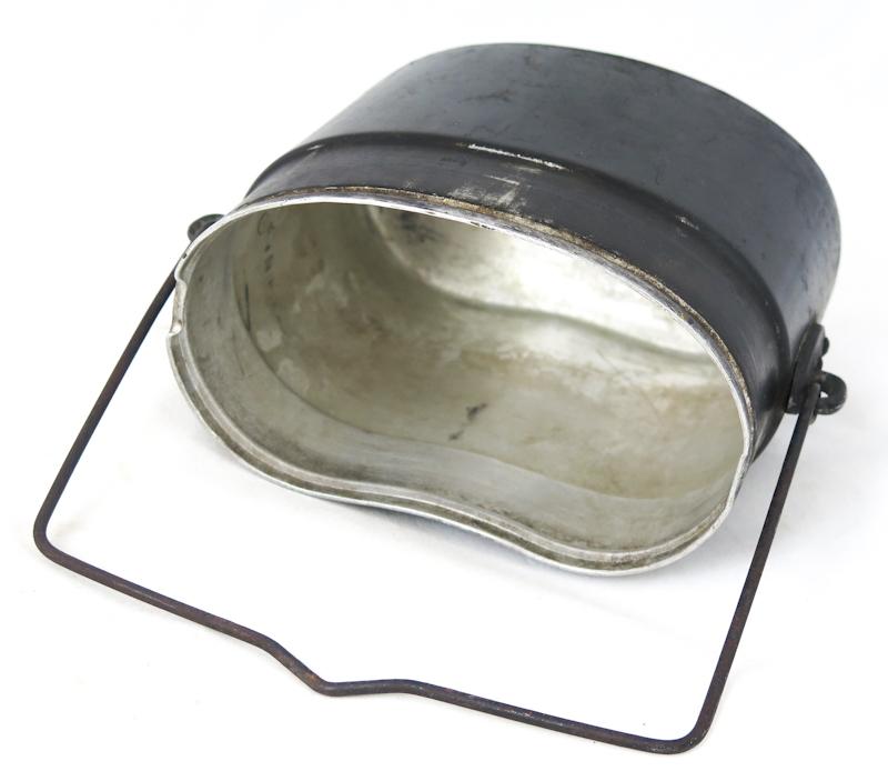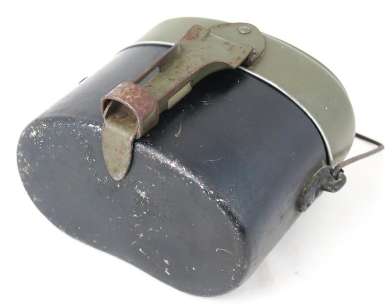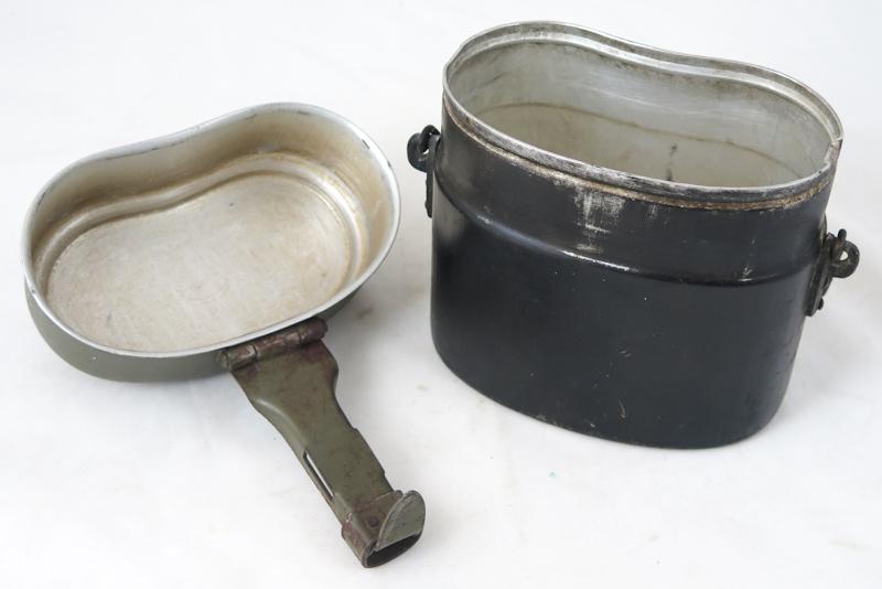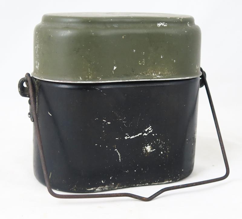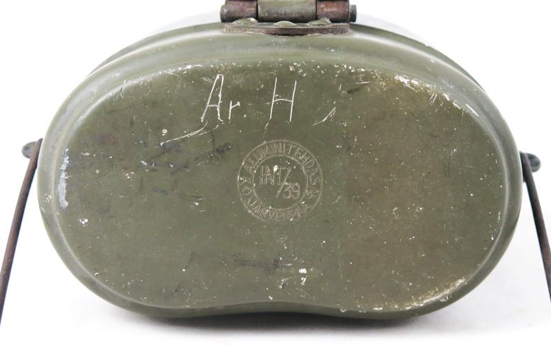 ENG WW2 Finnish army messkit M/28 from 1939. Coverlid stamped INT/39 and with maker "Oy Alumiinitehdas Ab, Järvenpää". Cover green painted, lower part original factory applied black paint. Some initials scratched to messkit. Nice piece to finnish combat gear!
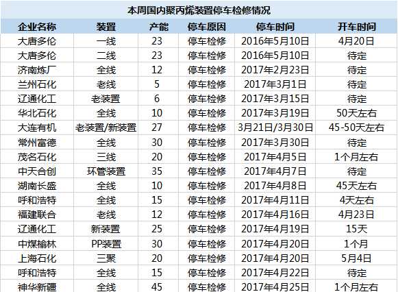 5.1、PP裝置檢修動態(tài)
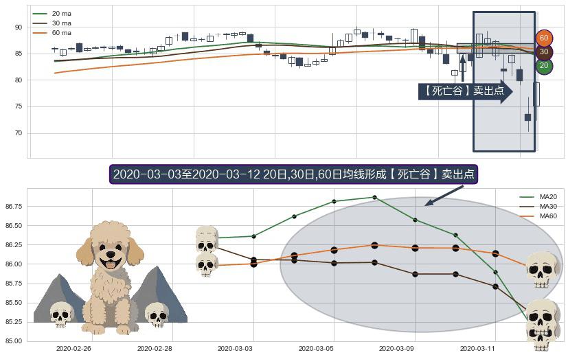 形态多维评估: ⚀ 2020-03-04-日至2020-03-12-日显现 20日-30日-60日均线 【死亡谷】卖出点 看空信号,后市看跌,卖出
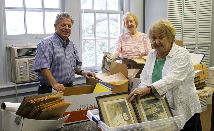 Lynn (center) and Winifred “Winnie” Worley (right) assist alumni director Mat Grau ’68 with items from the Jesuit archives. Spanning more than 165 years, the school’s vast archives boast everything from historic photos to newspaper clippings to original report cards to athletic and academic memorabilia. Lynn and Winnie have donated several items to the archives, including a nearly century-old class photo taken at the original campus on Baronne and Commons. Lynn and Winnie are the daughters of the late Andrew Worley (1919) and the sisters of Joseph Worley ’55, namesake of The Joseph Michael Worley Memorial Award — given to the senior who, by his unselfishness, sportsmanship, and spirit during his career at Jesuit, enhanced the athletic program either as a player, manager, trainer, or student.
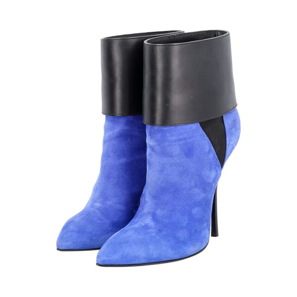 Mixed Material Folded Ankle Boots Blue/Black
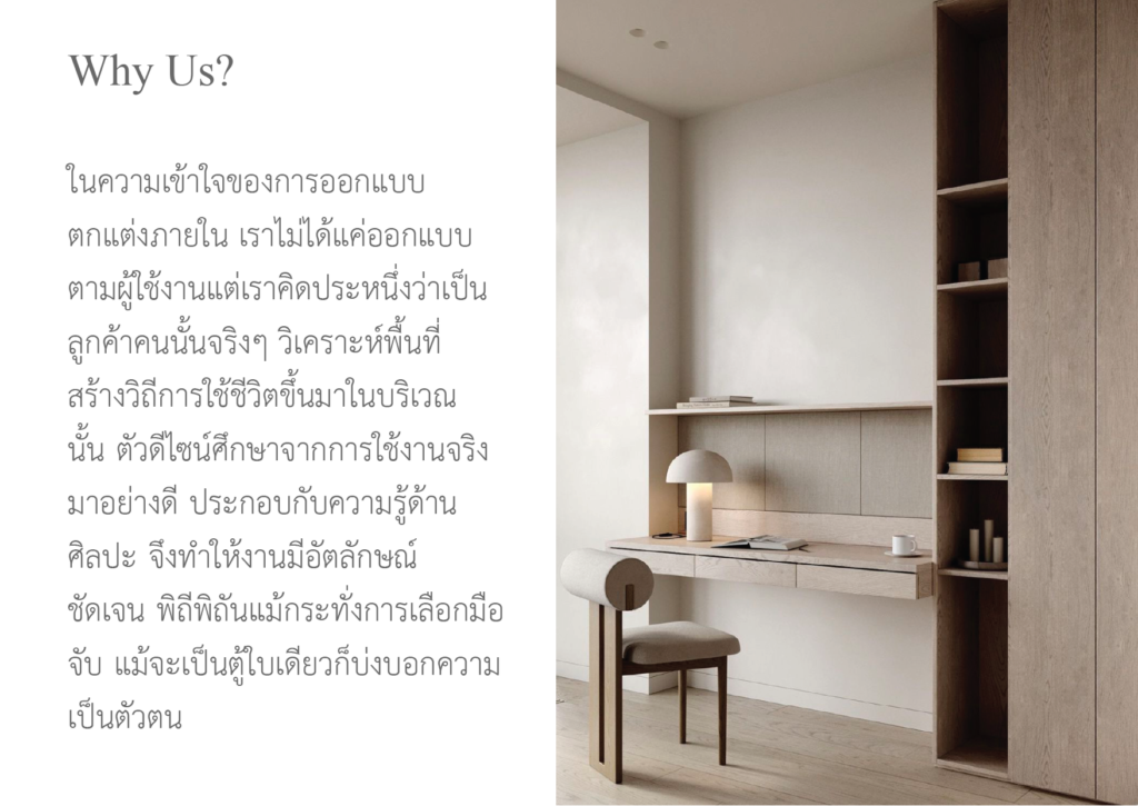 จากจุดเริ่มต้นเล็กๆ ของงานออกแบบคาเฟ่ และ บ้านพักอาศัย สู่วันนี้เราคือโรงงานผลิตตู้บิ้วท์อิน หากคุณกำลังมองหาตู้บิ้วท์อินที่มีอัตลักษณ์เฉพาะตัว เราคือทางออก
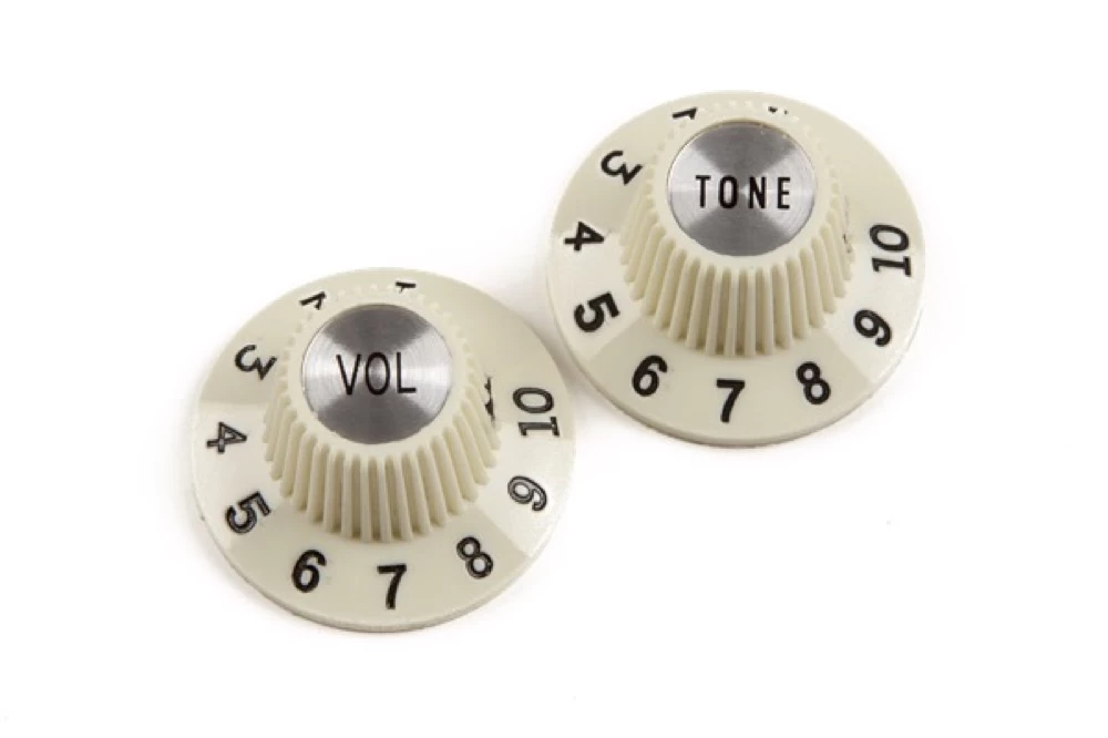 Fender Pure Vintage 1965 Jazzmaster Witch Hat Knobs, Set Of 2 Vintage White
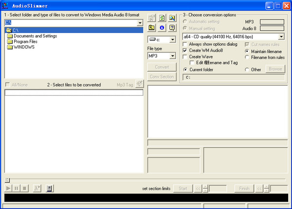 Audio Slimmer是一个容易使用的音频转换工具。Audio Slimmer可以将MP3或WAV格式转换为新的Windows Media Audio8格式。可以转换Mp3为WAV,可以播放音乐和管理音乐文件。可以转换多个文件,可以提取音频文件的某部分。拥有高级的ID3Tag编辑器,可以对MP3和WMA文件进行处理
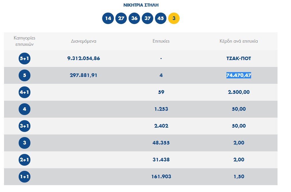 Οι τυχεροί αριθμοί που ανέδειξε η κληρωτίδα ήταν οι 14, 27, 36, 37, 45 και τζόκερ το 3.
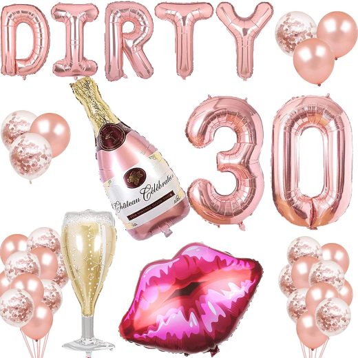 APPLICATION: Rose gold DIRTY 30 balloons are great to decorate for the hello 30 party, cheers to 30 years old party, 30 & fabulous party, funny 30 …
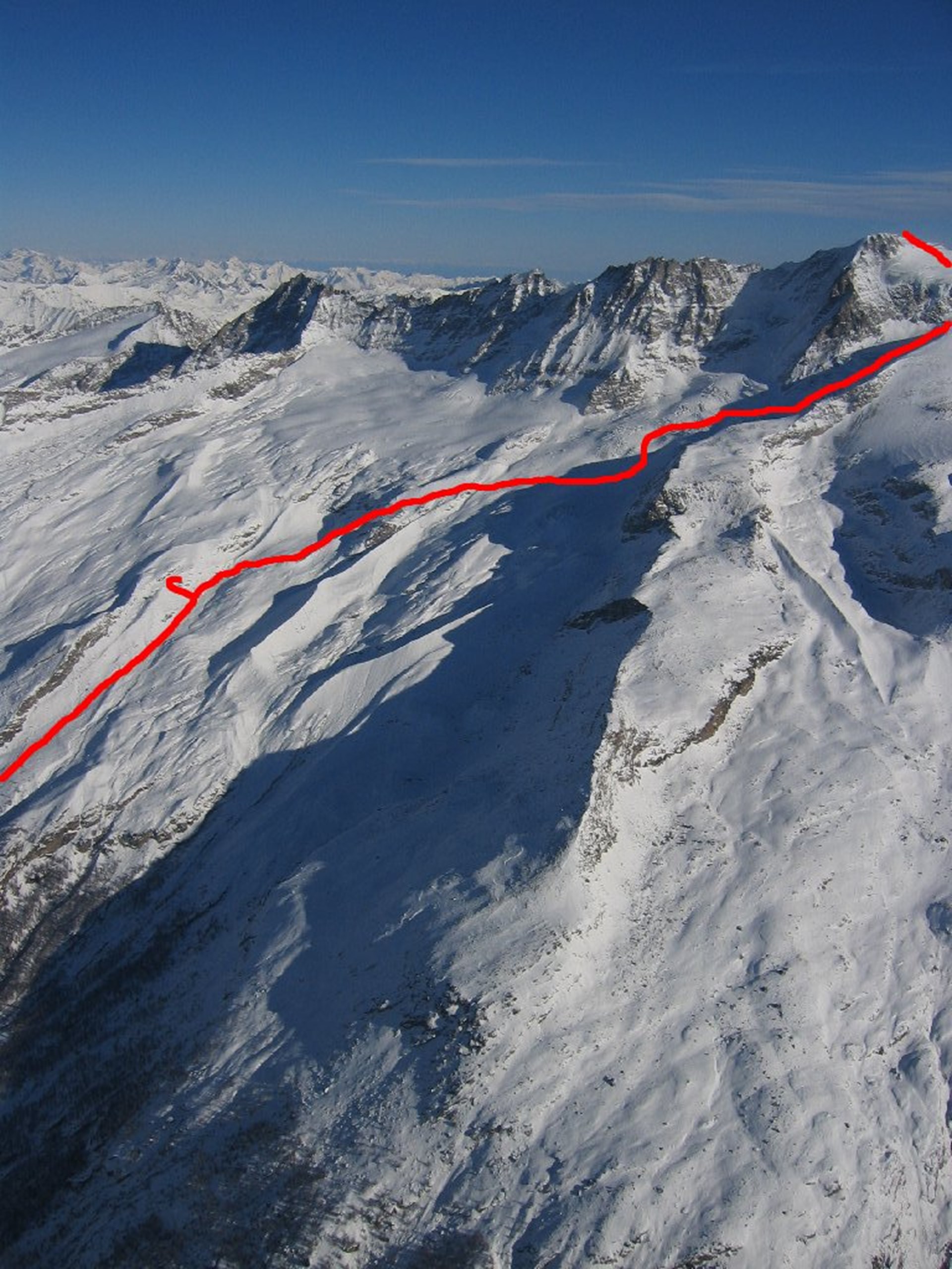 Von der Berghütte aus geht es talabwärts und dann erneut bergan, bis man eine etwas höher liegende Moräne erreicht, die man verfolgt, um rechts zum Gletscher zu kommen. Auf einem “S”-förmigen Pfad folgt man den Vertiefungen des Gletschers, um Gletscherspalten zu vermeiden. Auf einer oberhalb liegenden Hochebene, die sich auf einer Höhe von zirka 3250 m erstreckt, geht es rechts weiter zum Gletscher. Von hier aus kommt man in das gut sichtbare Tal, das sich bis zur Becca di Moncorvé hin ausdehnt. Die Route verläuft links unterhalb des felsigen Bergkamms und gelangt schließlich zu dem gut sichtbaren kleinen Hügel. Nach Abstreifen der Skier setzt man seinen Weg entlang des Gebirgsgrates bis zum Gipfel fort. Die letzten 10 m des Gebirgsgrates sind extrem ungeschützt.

Your assignment
Within the entries above, the lines from the one containing "5.1、PP裝置檢修動態(tài)" through the one containing "APPLICATION: Rose gold" are to be transcribed exactly, ends included, pictures excluded.

Answer space
 5.1、PP裝置檢修動態(tài)
 形态多维评估: ⚀ 2020-03-04-日至2020-03-12-日显现 20日-30日-60日均线 【死亡谷】卖出点 看空信号,后市看跌,卖出
 Lynn (center) and Winifred “Winnie” Worley (right) assist alumni director Mat Grau ’68 with items from the Jesuit archives. Spanning more than 165 years, the school’s vast archives boast everything from historic photos to newspaper clippings to original report cards to athletic and academic memorabilia. Lynn and Winnie have donated several items to the archives, including a nearly century-old class photo taken at the original campus on Baronne and Commons. Lynn and Winnie are the daughters of the late Andrew Worley (1919) and the sisters of Joseph Worley ’55, namesake of The Joseph Michael Worley Memorial Award — given to the senior who, by his unselfishness, sportsmanship, and spirit during his career at Jesuit, enhanced the athletic program either as a player, manager, trainer, or student.
 Mixed Material Folded Ankle Boots Blue/Black
 จากจุดเริ่มต้นเล็กๆ ของงานออกแบบคาเฟ่ และ บ้านพักอาศัย สู่วันนี้เราคือโรงงานผลิตตู้บิ้วท์อิน หากคุณกำลังมองหาตู้บิ้วท์อินที่มีอัตลักษณ์เฉพาะตัว เราคือทางออก
 Fender Pure Vintage 1965 Jazzmaster Witch Hat Knobs, Set Of 2 Vintage White
 Audio Slimmer是一个容易使用的音频转换工具。Audio Slimmer可以将MP3或WAV格式转换为新的Windows Media Audio8格式。可以转换Mp3为WAV,可以播放音乐和管理音乐文件。可以转换多个文件,可以提取音频文件的某部分。拥有高级的ID3Tag编辑器,可以对MP3和WMA文件进行处理
 Οι τυχεροί αριθμοί που ανέδειξε η κληρωτίδα ήταν οι 14, 27, 36, 37, 45 και τζόκερ το 3.
 APPLICATION: Rose gold DIRTY 30 balloons are great to decorate for the hello 30 party, cheers to 30 years old party, 30 & fabulous party, funny 30 …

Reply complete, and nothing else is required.